These laws could have far-reaching consequences. Traditional service companies will struggle to compete with start-ups paying minimal labor costs.

Opponents warn that the Handy bills are so broad that a service company need only launch an app for customers to contract services, and they’d be free to re-classify their employees as independent contractors — leaving workers without social security, health insurance or the protections of unemployment insurance or workers’ comp.

That could destabilize social safety nets as well as shrink available workers’ comp premiums.

A New Classification

Independent contractors need to buy their own insurance, including workers’ compensation. But many don’t, said Hart Brown, executive vice president, COO, Firestorm. They may not realize that in the case of an accident, their personal car and health insurance won’t engage, Brown said.

Matt Zender, vice president, workers’ compensation product manager, AmTrust

Workers’ compensation for gig workers can be hard to find. Some state-sponsored funds provide self-employed contractors’ coverage.  Policies can be expensive though in some high-risk occupations, such as roofing, said Bollinger.

The gig system, where a worker does several different jobs for several different companies, breaks down without portable benefits, said Brown. Portable benefits would follow workers from one workplace engagement to another.

What a portable benefits program would look like is unclear, he said, but some combination of employers, independent contractors and intermediaries (such as a digital platform business or staffing agency) would contribute to the program based on a percentage of each transaction.

There is movement toward portable benefits legislation. The Aspen Institute proposed portable benefits where companies contribute to workers’ benefits based on how much an employee works for them. Uber and SEI together proposed a portable benefits bill to the Washington State Legislature.


Senator Mark Warner (D. VA) introduced the Portable Benefits for Independent Workers Pilot Program Act for the study of portable benefits, and Congresswoman Suzan DelBene (D. WA) introduced a House companion bill.

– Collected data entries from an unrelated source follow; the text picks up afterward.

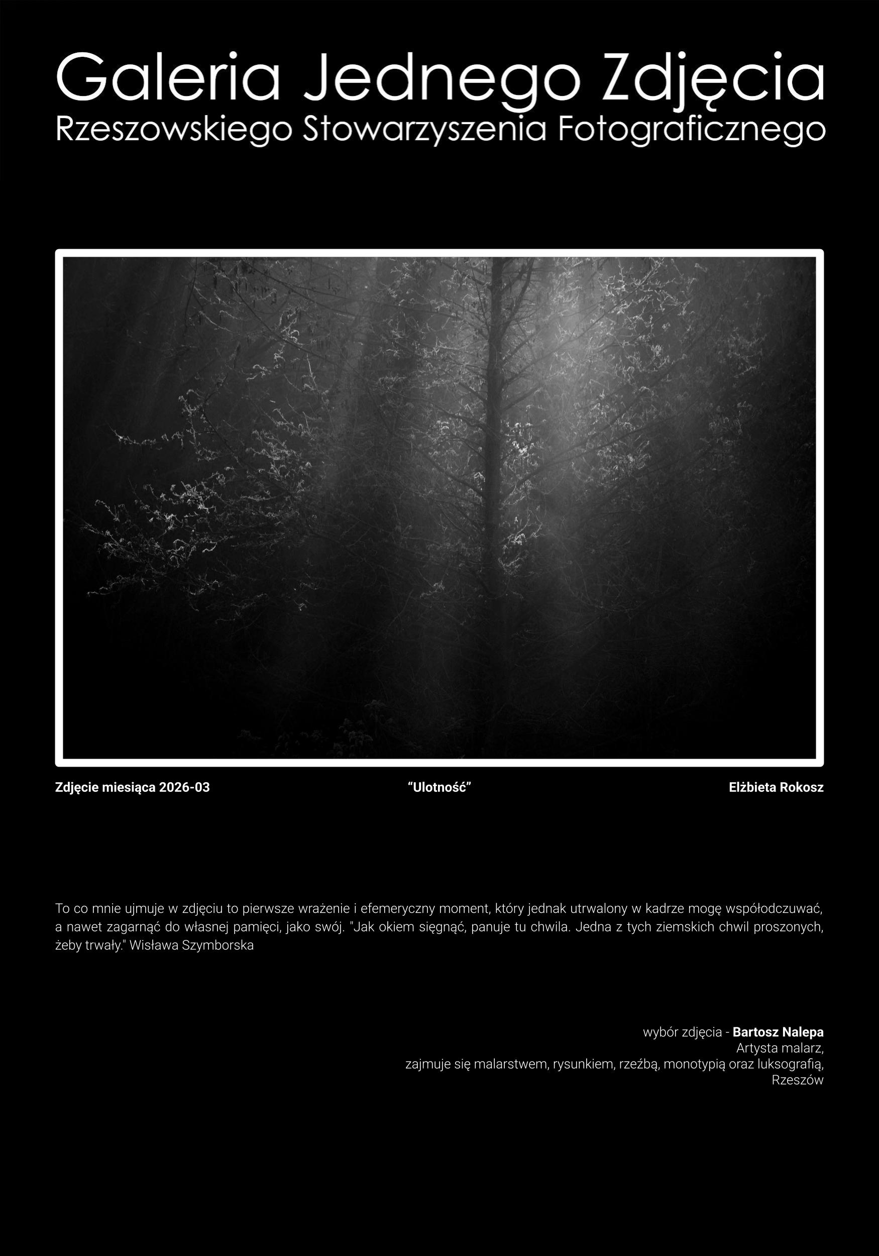 Do Galerii Jednego Zdjęcia, Bartosz Nalepa wybrał pracę Elżbiety Rokosz “Ulotność”.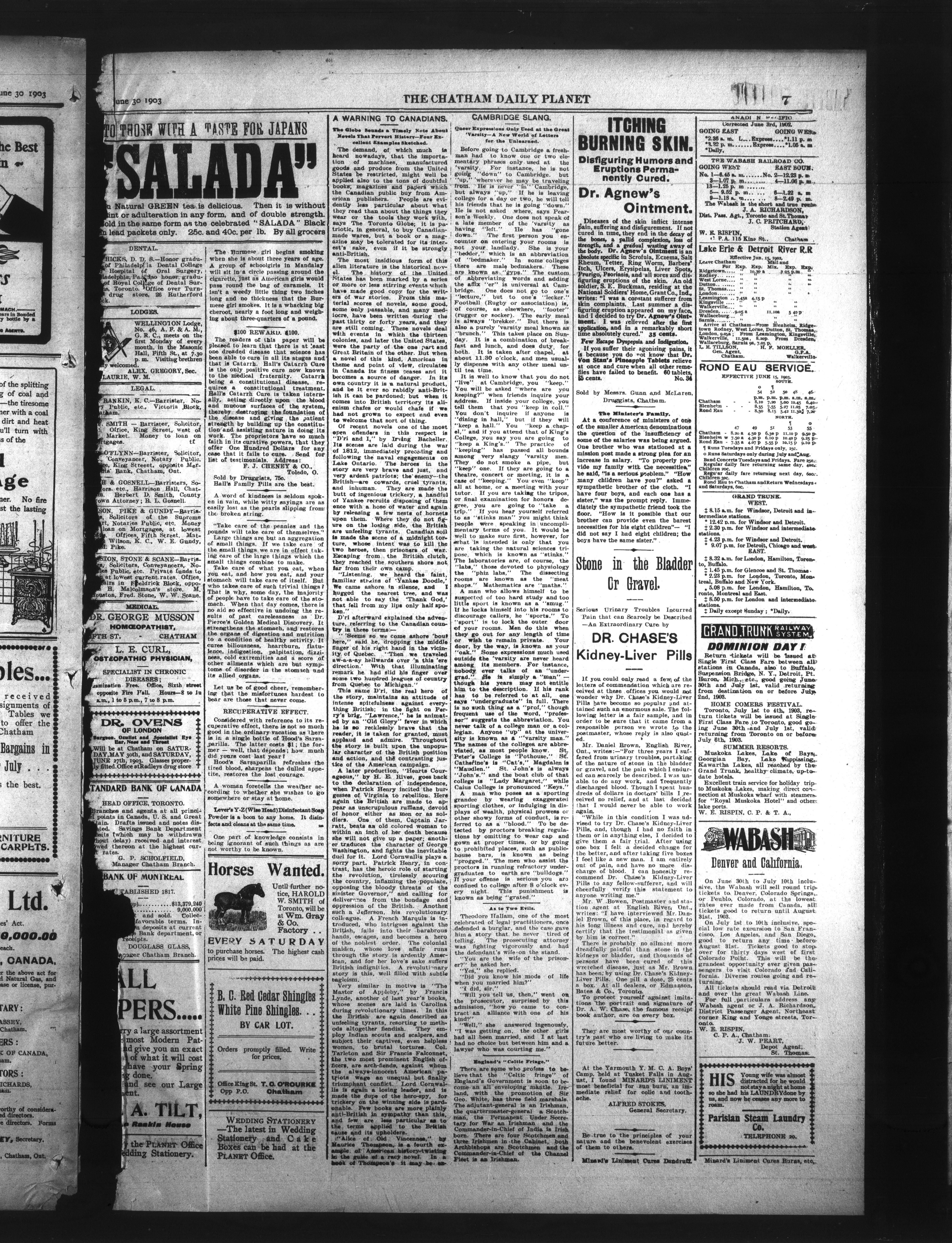 - The Chatham Daily Planet : Vol. XII, No. 156 (June 30, 1903)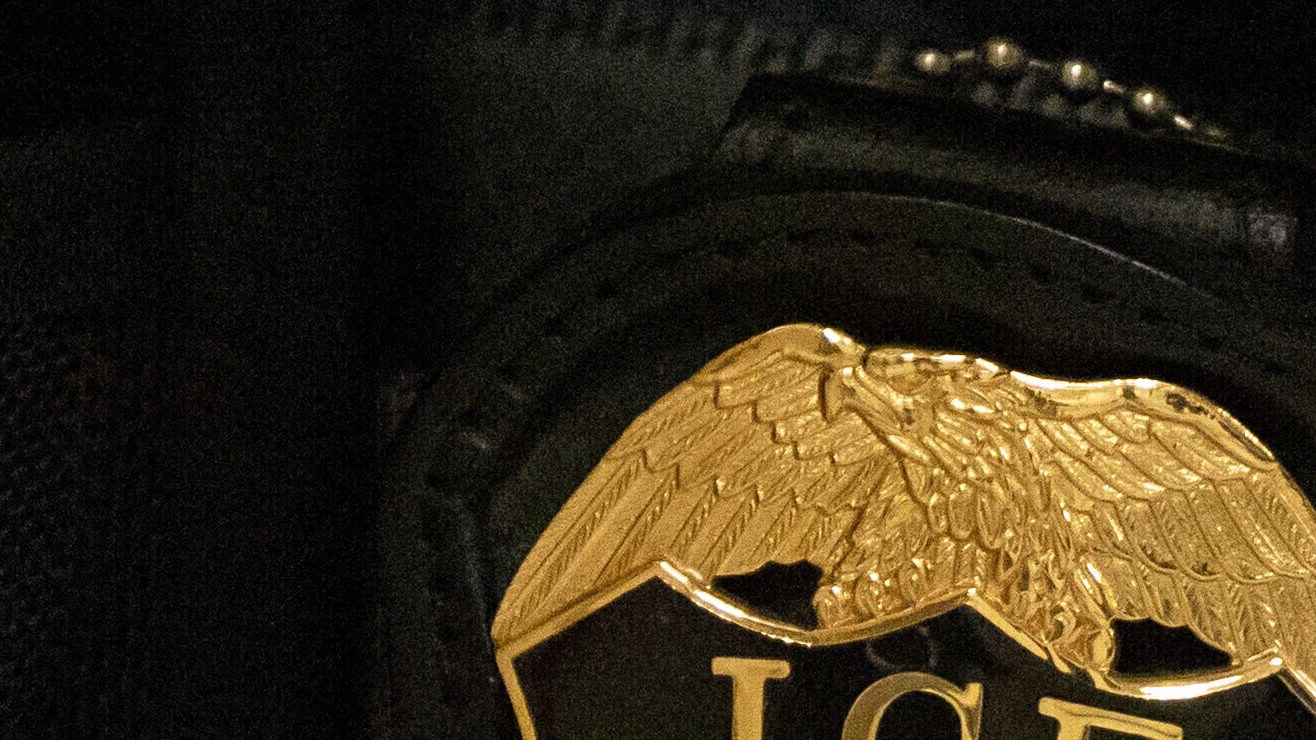 Un agente federal con una placa del Servicio de Inmigración y Control de Aduanas de Estados Unidos. Crédito: AP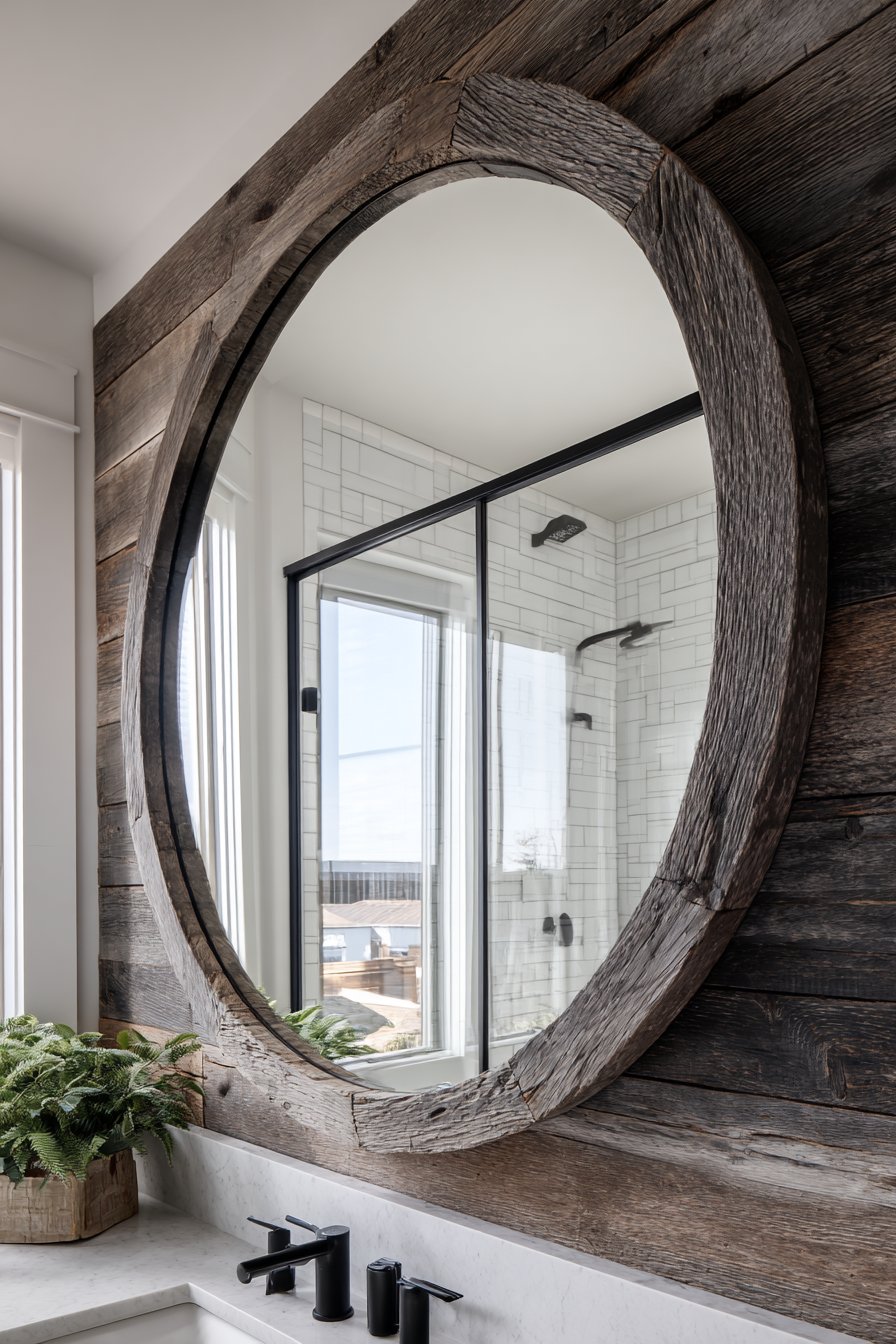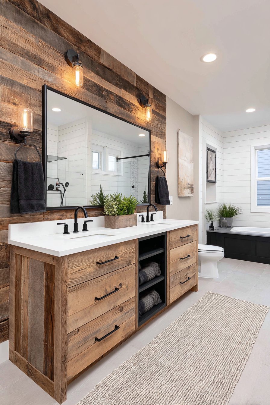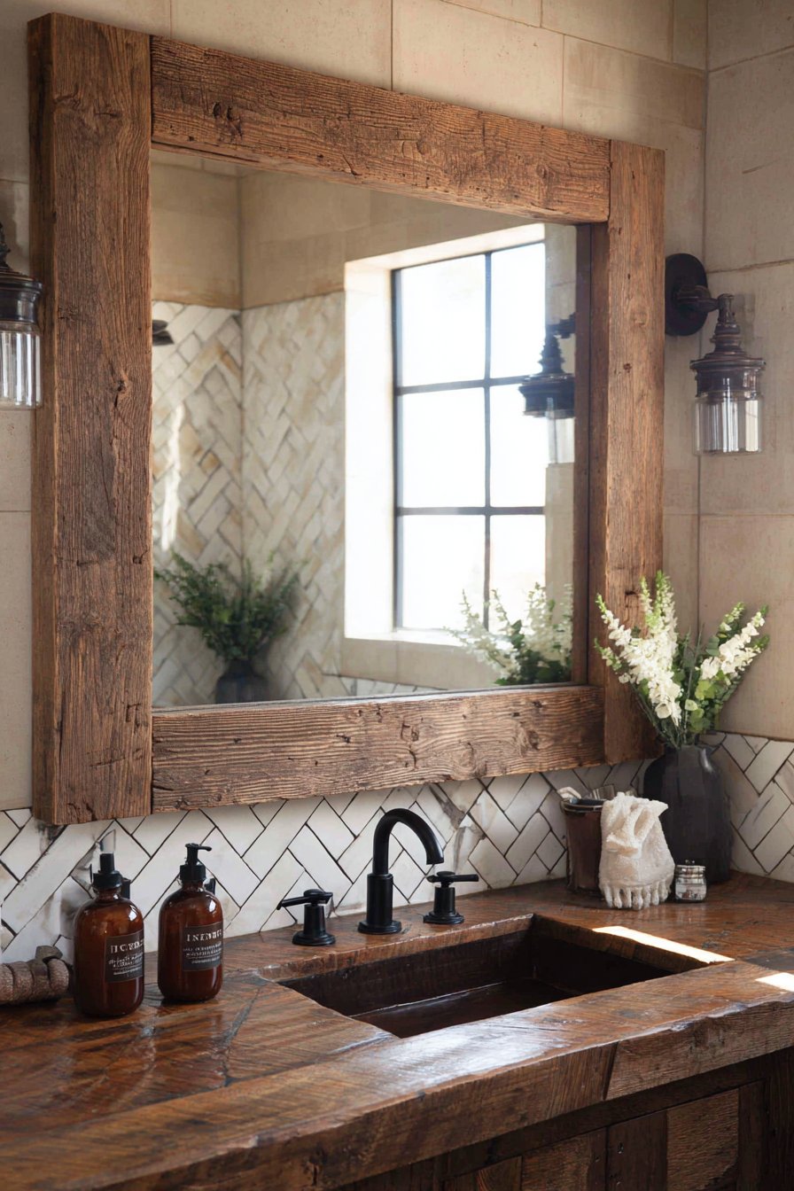 Interior design photography capturing the juxtaposition of rustic and contemporary elements reveals the careful balance required to make modern farmhouse design work—too much rusticity becomes theme-park obvious, while too much contemporary minimalism loses the style’s essential warmth. This large bathroom mirror idea hits that sweet spot, providing generous function through substantial size while adding character through authentic materials. The mirror works beautifully in suburban homes seeking farmhouse character, rural properties renovating with contemporary sensibility, and urban spaces wanting to inject rustic warmth.

Meneghello is skeptical of portable benefits as a long-term solution. “They’re a good first step,” he said, “but they paper over the problem. We need a new category of workers.”

A portable benefits model would open opportunities for the growing Insurtech market. Brad Smith, CEO, Intuit, estimates the gig economy to be about 34 percent of the workforce in 2018, growing to 43 percent by 2020.

The insurance industry reinvented itself from a risk transfer mechanism to a risk management mechanism, Brown said, and now it’s reinventing itself again as risk educator to a new hybrid market. &

Susannah Levine writes about health care, education and technology. She can be reached at [email protected] Michelle Kerr is associate editor of Risk & Insurance. She can be reached at [email protected]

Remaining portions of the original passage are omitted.